# Epson F2000 Surecolor Pretreatment



## HawaiisFinest (Aug 29, 2014)

I noticed that the epson F2000 surecolor pretreatment you have to add water? Does this mean more evaporation? No more seeing the pretreatment left behind? Cause the videos I've watched on the F2000 i don't see any pretreatment in the shirts around the cured design. Not sure if its in the editing of the video? I want to pull the trigger on getting a DTG printer but from the prints that I've seen with the pretreatment box around it, it kinda makes me not want to get one. If i put my shirt in stores and i was a costumer looking at my design, why would i want a shirt with a faded box around it when i see all these other screen printed shirts with out a box? I was also wondering, for the shirts that do have the pretreatment around it, if you were to use a toby steamer on the box area would that help at all?


----------



## scuba_steve2699 (Nov 15, 2006)

HawaiisFinest said:


> I noticed that the epson F2000 surecolor pretreatment you have to add water? Does this mean more evaporation? No more seeing the pretreatment left behind? Cause the videos I've watched on the F2000 i don't see any pretreatment in the shirts around the cured design. Not sure if its in the editing of the video? I want to pull the trigger on getting a DTG printer but from the prints that I've seen with the pretreatment box around it, it kinda makes me not want to get one. If i put my shirt in stores and i was a costumer looking at my design, why would i want a shirt with a faded box around it when i see all these other screen printed shirts with out a box? I was also wondering, for the shirts that do have the pretreatment around it, if you were to use a toby steamer on the box area would that help at all?
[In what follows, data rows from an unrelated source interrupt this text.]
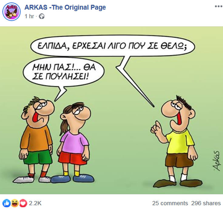 Μέσα σε μία ώρα ανήρτησε δύο εικόνες. Στην πρώτη ο νεαρός πρωθυπουργός λέει «Ελπίδα έρχεσαι λίγο που σε θέλω;» και ένας άλλος νεαρός λέει «μην πας, θα σε πουλήσει».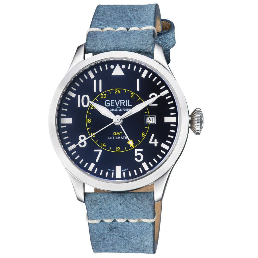 Silver-tone stainless steel case with a blue leather strap. Fixed silver-tone bezel. Blue dial with silver-tone diamond-shaped hands and Arabic numeral & index hour markers. Minute scale around the inner rim. Dial Type: Analog. Luminescent hands and markers. Date display at the 3 o'clock position. One subdial displaying: 24 hour. Gevril Calibre Sellita SW330 automatic movement. Scratch resistant sapphire crystal. Pull / push crown. Transparent case back. Round case shape, case size: 44 mm, case thickness: 11 mm. Band width: 20 mm. Buckle clasp. Water resistant at 50 meters / 165 feet. Functions: GMT, second time zone, hour, minute, second. Additional Info: GMT. Vaughn Series. Luxury watch style. Watch label: Swiss Made. Gevril Vaughn Automatic Blue Dial Mens Watch 44504.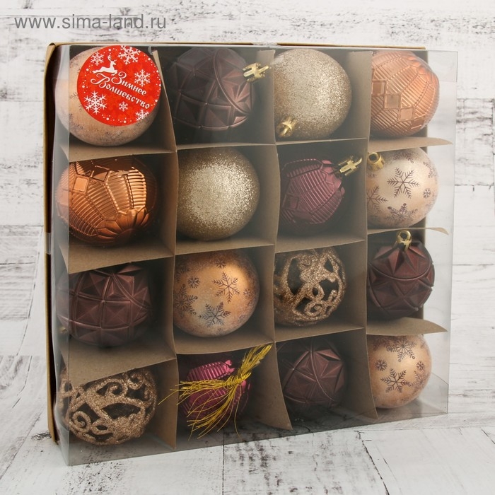 Ёлочные игрушки, шары новогодние , пластик, набор d-6 см, 16 шт "Винтажный узор" кофейный МИКС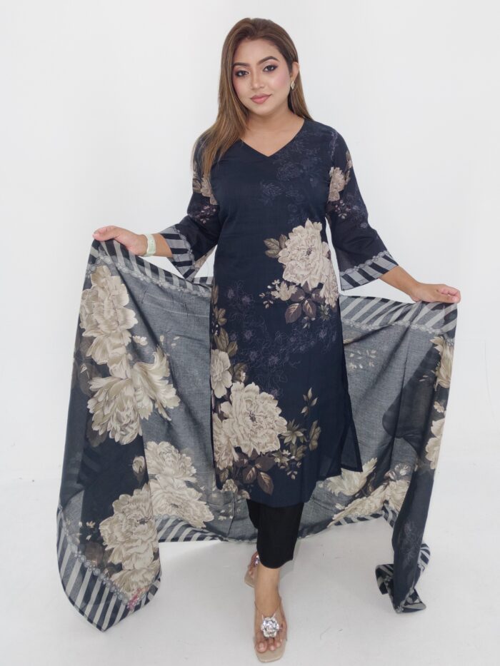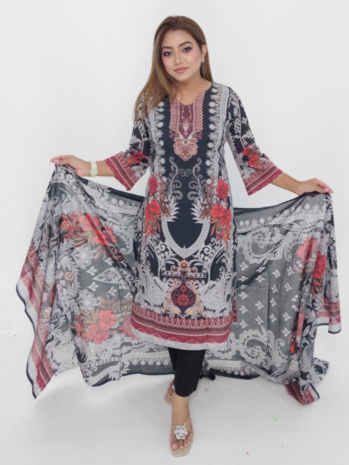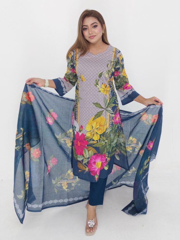 Elevate your wardrobe with this Premium Digital Printed Cotton Lawn Dress, exclusively available at Aroby’s Collection. Designed with care, this outfit brings together elegance, comfort, and versatile style for women who love both tradition and modern fashion.

The dilution is to make it easier and more economical to ship and package. Why ship it at full concentration when you can make it condensed and have the customer add water? You do not pay to ship water this way. 

All pre treatments will leave some "box" on the garment. there are different ways to minimize this and all of them are based on how you apply and then cure the treatment. 
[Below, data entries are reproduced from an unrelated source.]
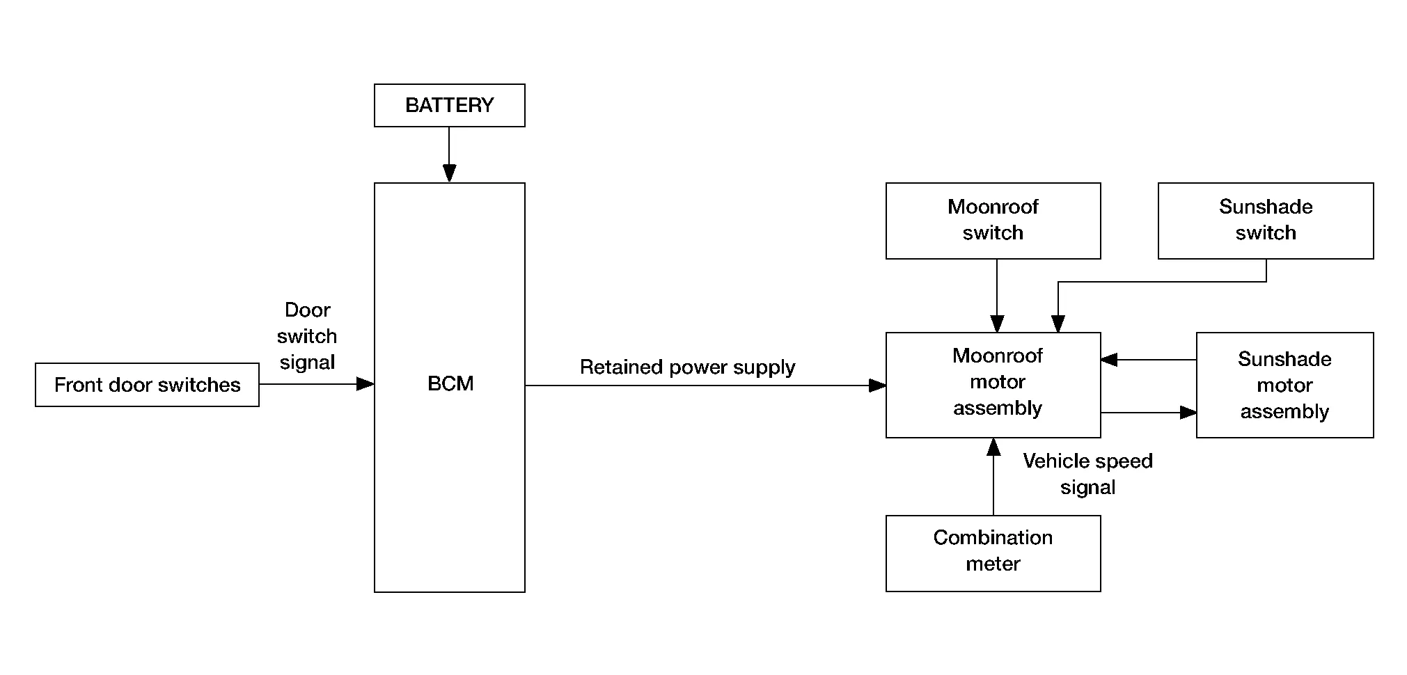 | Moonroof switch | Moonroof signal (tilt up/ down or slide open/close) | Receives signal and moves the moonroof and sunshade assembly to the correct position. | Moonroof motor and/or Sunshade motor |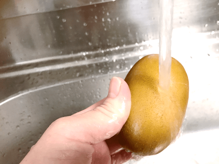 流水に10秒~30秒ほどあて、皮の部分のみ解凍させます。爪を引っかけて少し引っぱり、皮がむけそうな状態になっているか様子を見ながら水をかけるといいですよ。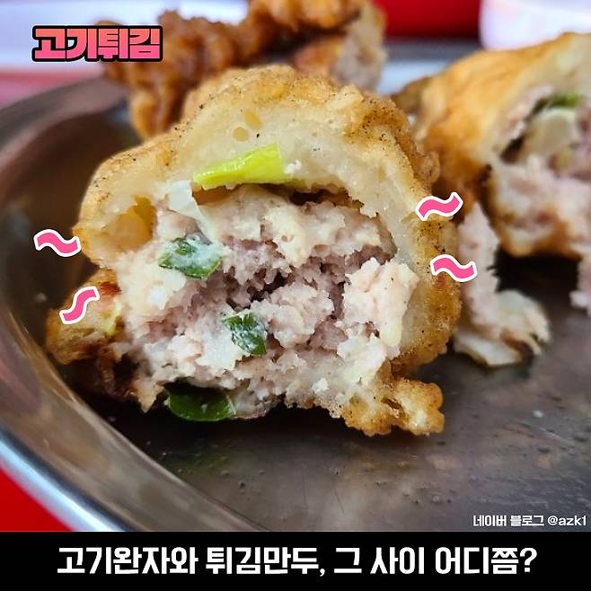 1인분을 시키면 기다란 모양의 고기튀김이 2개 나오는데, 이게 또 먹기 좋게 잘라져서 나와요. 두툼한 비주얼을 자랑하며, 1인분 치고 적지 않은 편이구요. 한입 베어무는 순간 육즙이 팡! 고기와 부추가 맛있게 어우러져 안주로도 제격이에요. 비슷한 맛을 찾자면 고기완자와 튀김만두 그 사이 어디쯤?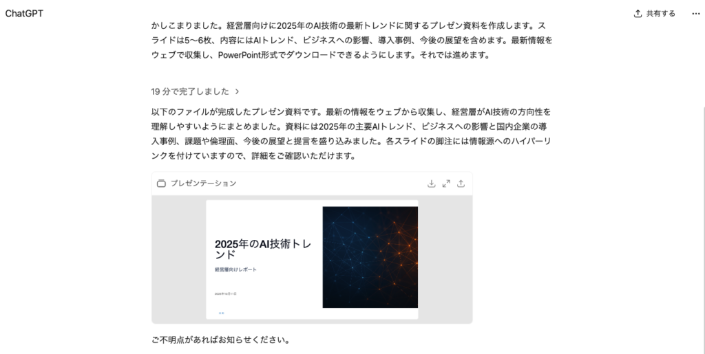 つまり、「新製品発表のプレゼンを作って」と一言指示するだけで、ChatGPTが市場調査から競合分析、資料構成、スライド作成まで、すべてを自動で完了してくれるのです。
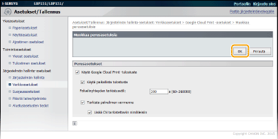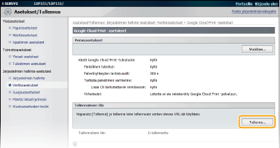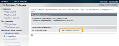 Ota käyttöön laitteen Google Cloud Print -toiminto. Voit myös poistaa käytöstä laitteen Google Cloud Print -toiminnon.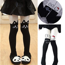 儿童秋冬连裤袜童装女宝宝纯棉打底袜可爱猫咪假高筒针织裤袜包邮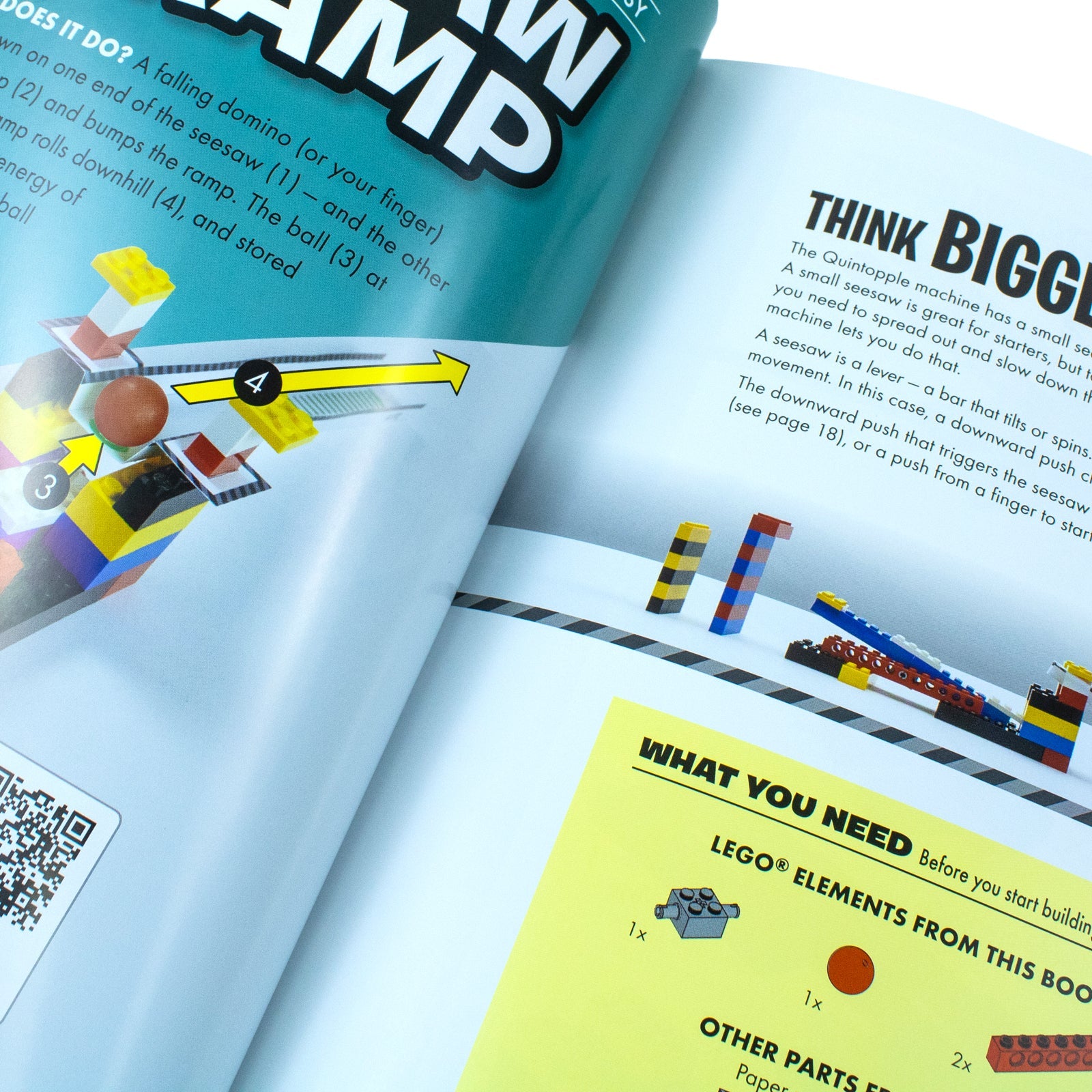 Using over thirty LEGO elements, plus a few rolling spheres, you get to build ten brilliant contraptions that all come together to create an amazing chain reaction. Page by page, detailed instructions help you perfectly build each mechanism while learning how and why everything works. Send a tire spinning around a pole to launch a hammer and lift a sign. Spin a windmill to keep the ball rolling and then start a reaction that zig-zags upwards. Build a pulley that launches a ball, a wild spinning vortex, and an amazing zig-zag finish line!

If you let the shirt dry using a conveyor dryer or hang dry, the box will be very little, Note that you still need to heat press the shirt prior to printing to flatten the area to get a good print. If you use a heat press to cure the treatment, then you can do it in alternating steps of 15 seconds each pressing and then with the press open until it is dry. This reduces the box as well. 

There are other ways I am sure but I hope this gets you an idea of what can be done.


----------



## equipmentzone (Mar 26, 2008)

HawaiisFinest said:


> I noticed that the epson F2000 surecolor pretreatment you have to add water? Does this mean more evaporation? No more seeing the pretreatment left behind? Cause the videos I've watched on the F2000 i don't see any pretreatment in the shirts around the cured design. Not sure if its in the editing of the video? I want to pull the trigger on getting a DTG printer but from the prints that I've seen with the pretreatment box around it, it kinda makes me not want to get one. If i put my shirt in stores and i was a costumer looking at my design, why would i want a shirt with a faded box around it when i see all these other screen printed shirts with out a box? I was also wondering, for the shirts that do have the pretreatment around it, if you were to use a toby steamer on the box area would that help at all?
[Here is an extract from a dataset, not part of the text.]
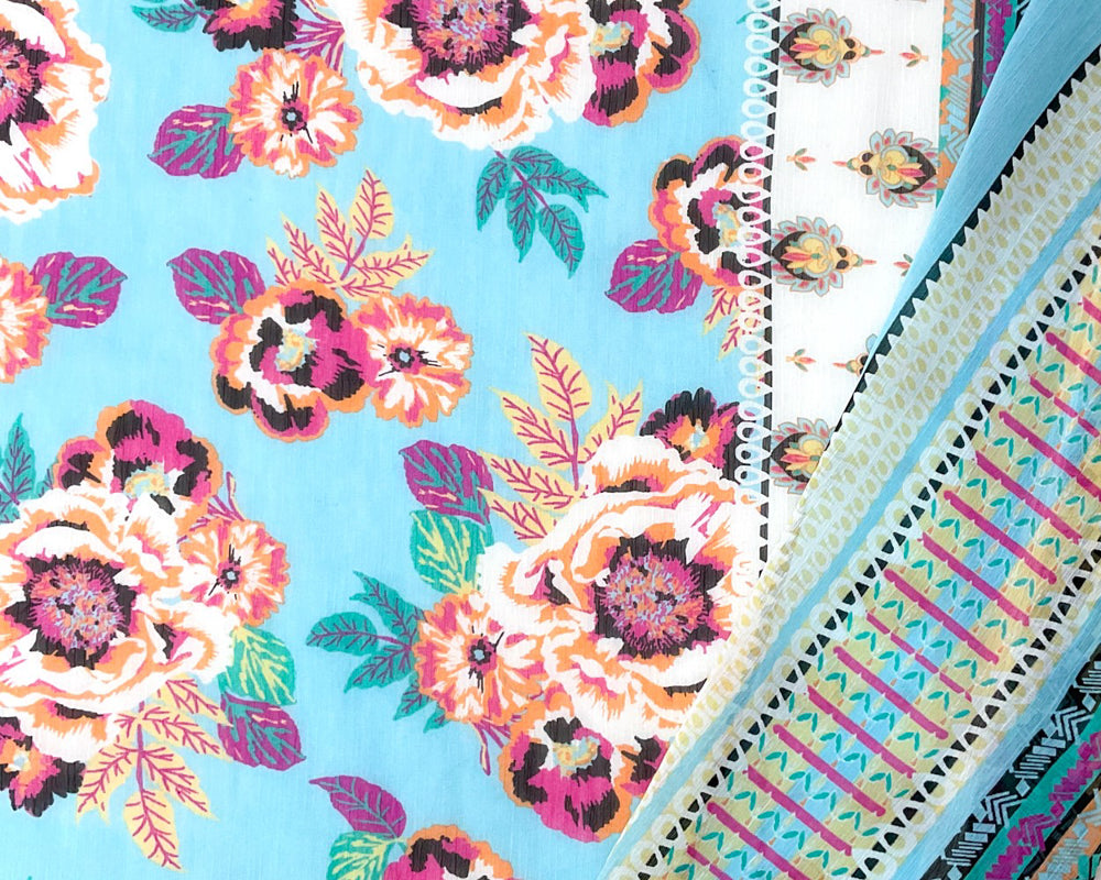 Blue-Multi Poly Floral Border Printed Yoryu Chiffon Woven Fabric

The pretreatments have improved greatly over the years. The ones used for the Epson do not leave a very perceptible border. 

There is nothing wrong with using a steamer if you want.

_


----------



## Jmelwak (Oct 23, 2013)

Sometimes even over pretreating with epson I can barely see the box and its completely gone after steaming or first wash


----------



## HawaiisFinest (Aug 29, 2014)

So steam with a garment steamer works? What about the Image Armor Ultra? On there site they claim lil to no crystallization when the shirt is heat pressed to cure the pretreatment. Reduce or eliminate that ugly, unsightly pretreatment mark on the shirt prior to printing. Is this true? Cause if this is ima pull the trigger on getting a DTG machine. Or if the steamer works as well. Thnx for the responce.


----------



## equipmentzone (Mar 26, 2008)

I see that you have posted on several different threads asking about the "pretreatment box". Hopefully from reading the many responses you have received you can see that it is really not a real problem for most printer owners.

_


----------



## HawaiisFinest (Aug 29, 2014)

This post is asking about the epson pretreat, my other post is about the image armor. Trying to figure out which one is better. Seems like image armor is better.


----------



## JeridHill (Feb 8, 2006)

HawaiisFinest said:


> This post is asking about the epson pretreat, my other post is about the image armor. Trying to figure out which one is better. Seems like image armor is better.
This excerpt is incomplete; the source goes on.